Chinese American academic

Huping Ling (令狐萍 (Lìng Húpíng); born 1956) is a Chinese American academic. She is a professor of history and past department chair at Truman State University in Kirksville, Missouri, where she founded the Asian studies program. She is the recipient of a 2024 Lifetime Achievement Award from the Association for Asian American Studies. She is a visiting fellow at the Hoover Institution at Stanford University, the Changjiang Scholar Chair Professor of the Chinese Ministry of Education, a distinguished honorary professor at Lishui University, and a visiting professor of the Institute of Overseas Chinese Studies at Jinan University.
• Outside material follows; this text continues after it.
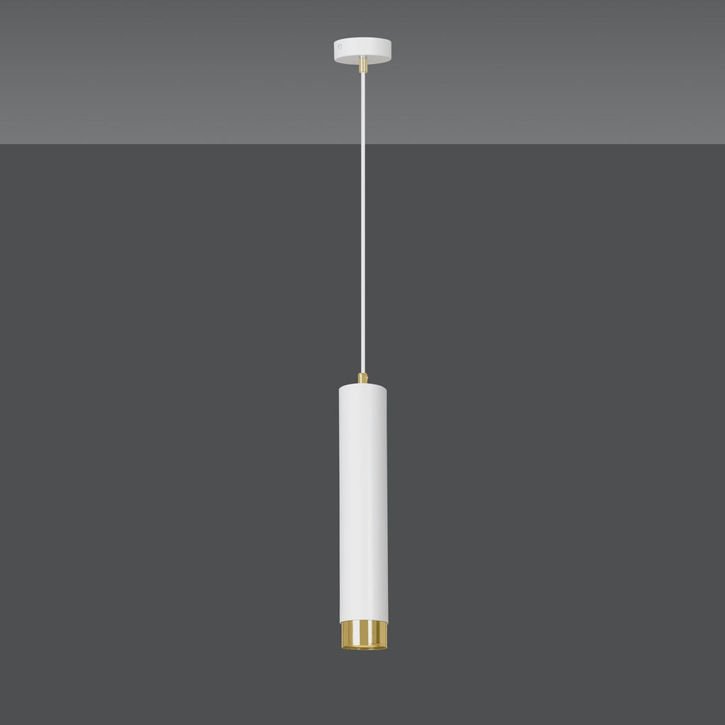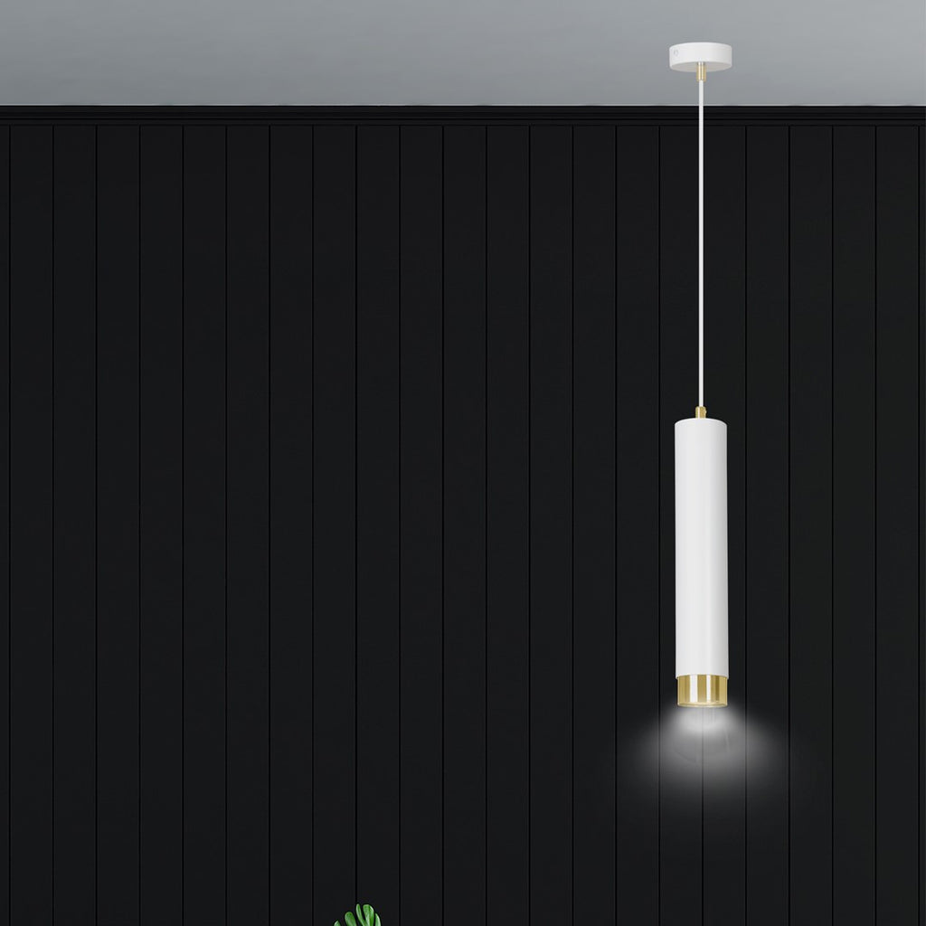 Enhance your space with KIBO designer pendant lamp. Modern tubular design in white or black with gold/chrome accents. Perfect for any room. Specs: Requires GU10 bulb, 230V, IP20 rating.

She is the funding and inaugural book series editor for Asian American Studies Today for Rutgers University Press, is on the editorial board of Overseas Chinese History Study for the Overseas Chinese History Research Institution in Beijing, and served as the executive editor-in-chief for the Journal of Asian American Studies (2008-2012). She is also on the board of directors of the Chinese Historical Society of Overseas Chinese Studies and serves as a consultant to the Overseas Chinese Affairs Office of Guangdong Provincial Government.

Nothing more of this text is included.